Vriesea schultesiana

Scientific classification
- Kingdom: Plantae
- Clade: Tracheophytes
- Clade: Angiosperms
- Clade: Monocots
- Clade: Commelinids
- Order: Poales
- Family: Bromeliaceae
- Genus: Vriesea
- Species: V. schultesiana
- Binomial name: Vriesea schultesiana L.B.Sm.

= Vriesea schultesiana =

- Genus: Vriesea
- Species: schultesiana
- Authority: L.B.Sm.

Species of epiphyte

Vriesea schultesiana is a plant species of the genus Vriesea. This species is endemic to Colombia. It is rare, listed as "near threatened."

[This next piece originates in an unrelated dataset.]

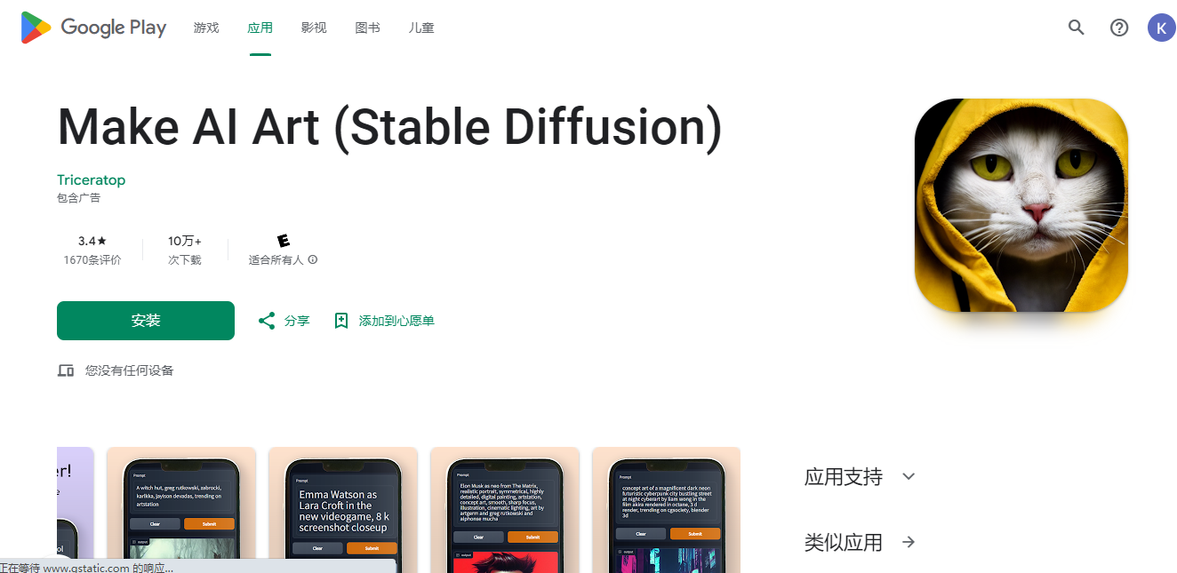 Make AI Art (Stable Diffusion) 是一款应用程序,为用户提供简单直观的界面来访问一些世界上最强大的图像生成人工智能 (AI) 模型,例如 Stable Diffusion 和 MidJourney。 要生成图像,用户只需提供他们想要生成的图像的文本描述。应用程序中引入的所有人工智能模型都可供用户免费探索和实验。

This species growth patterns have been open to conjecture as environmentally localised deformations of the more common Vriesea duvaliana as opposed to a distinct species. Found in subtropical or tropical moist montane forests and subtropical or tropical dry shrubland, the study of this species has proven difficult.

Cultivation has proven successful in Bolivia, Mexico and in Australia and Yemen in substantiating the species as a genetically unique species. Typified by minimal surface growth while proliferating a subsurface network of nutrient deprived grounding support. In periods of dry arid heat the plants proliferation of surface growth is extensive and resembling that of its relative Vriesea duvaliana. Capable of growing between 5-20 times the size of the subsurface network in 10–15 days before plateauing to a stable condition.